Night offers much more than a litany of the daily terrors, everyday perversions, and rampant sadism at Auschwitz and Buchenwald; it also eloquently addresses many of the philosophical as well as personal questions implicit in any serious consideration of what the Holocaust was, what it meant, and what its legacy is and will be.
Author Bio: Elie Wiesel is the internationally celebrated author, Nobel laureate, and spokesperson for humanity whose decision to dedicate his life to bearing witness for the Holocaust's martyrs and survivors found its earliest and most enduring voice in Night, his penetrating and profound account of the Nazi death camps. Born in the town of Sighet, Transylvania, he was a teenager when he and his family were taken from their home in 1944 to the Auschwitz concentration camp, and then to Buchenwald. Night is the terrifying record of Elie Wiesel's memories of the death of his family, the death of his own innocence, and his despair as a deeply observant Jew confronting the absolute evil of man.

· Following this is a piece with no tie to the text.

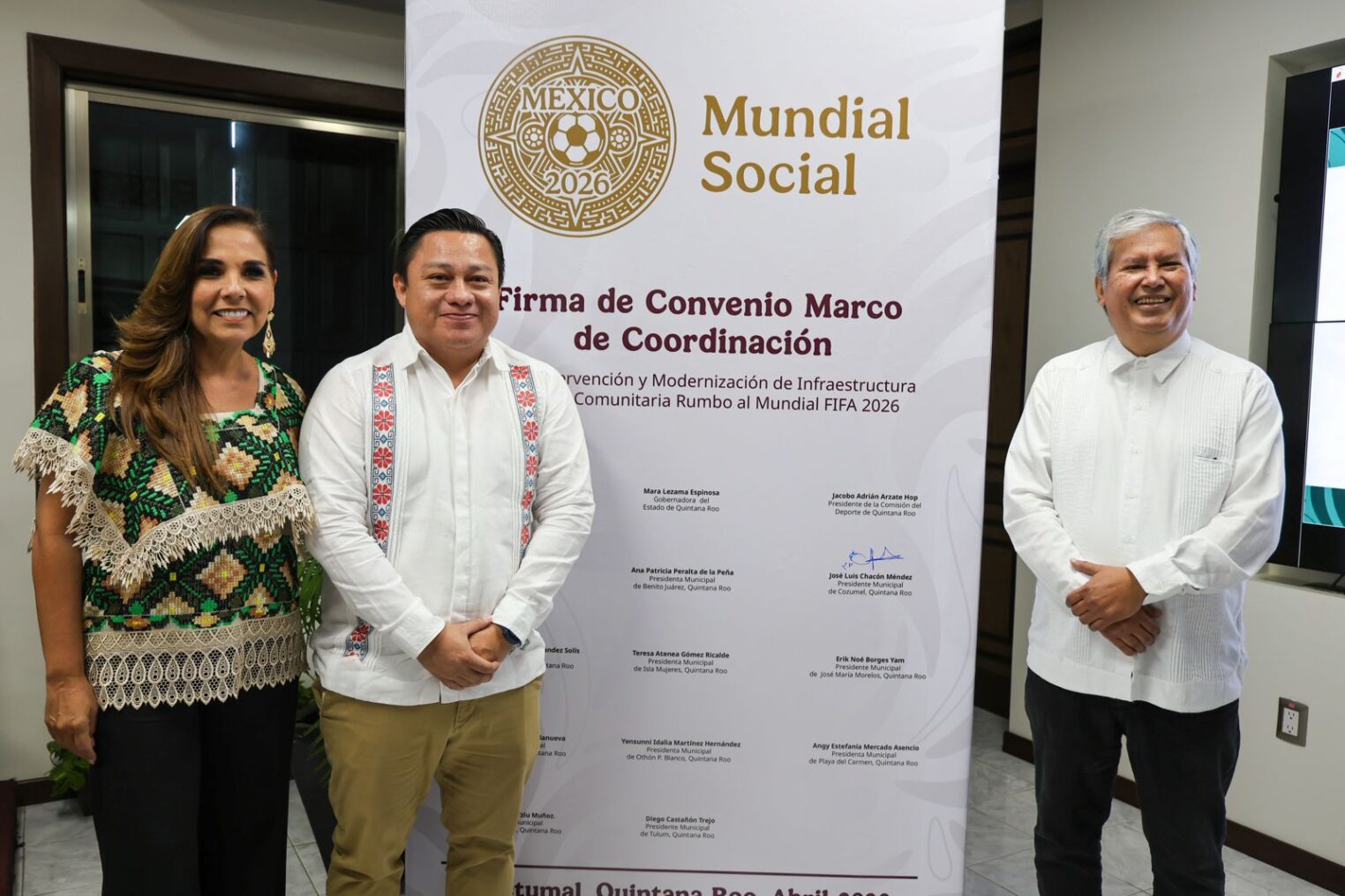 El Gobierno de Quintana Roo, encabezado por la gobernadora Mara Lezama Espinosa, firmó el Convenio Marco de Coordinación del Proyecto Mundial Social 2026, con el objetivo de impulsar el deporte como una herramienta de bienestar social, inclusión y reconstrucción del tejido comunitario, como parte de una agenda en torno a la fiesta mundialista de futbol.

Elie Wiesel is the author of more than forty internationally acclaimed works of fiction and nonfiction. He has been awarded the Presidential Medal of Freedom, the United States of America Congressional Gold Medal, the French Legion of Honor, and, in 1986, the Nobel Peace Prize. He is the Andrew W. Mellon Professor in the Humanities and University Professor at Boston University.